Coefficient Surfaces

With coefficient surfaces allowed to vary by location, MGWR reveals a coherent spatial grammar of effects. Location-varying MGWR βj (ui, vi) coefficients reveal pronounced spatial heterogeneity in the distribution of ACCH (Fig. 12). First, multiple predictors form co-directed, contiguous high-value belts along the metropolitan core–eastern plain corridor, co-locating with dense heritage clusters—evidence of stronger marginal effects and path dependence within the corridor. Second, peripheral counties lack region-wide effects; significant coefficients occur as nodal patches aligned with transport and settlement chains, matching the sparse yet serial heritage clusters and indicating context-dependent mechanisms. Third, several predictors display sign reversals (negative to positive) along a SW–NE transition zone that crosses terrain–accessibility thresholds and coincides with shifts in heritage types, implying mechanism switching across geo-network contexts.
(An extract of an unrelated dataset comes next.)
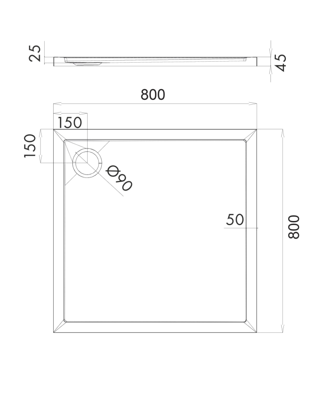 Omnires MERTON akrylátová sprchová vanička, 80 x 80 cm, bílý lesk MERTON80-KBP

Texture differences are scale-consistent: smaller bandwidths produce fine, locally sensitive patches, whereas larger bandwidths yield smooth regional belts—together delineating a multi-scale structure of “corridor continuity–peripheral nodes–transition reversals.”

Fig. 12: Spatial heterogeneity of MGWR coefficients (β surfaces) from C4 to C11.
Fig. 12: Spatial heterogeneity of MGWR coefficients (β surfaces) from C4 to C11.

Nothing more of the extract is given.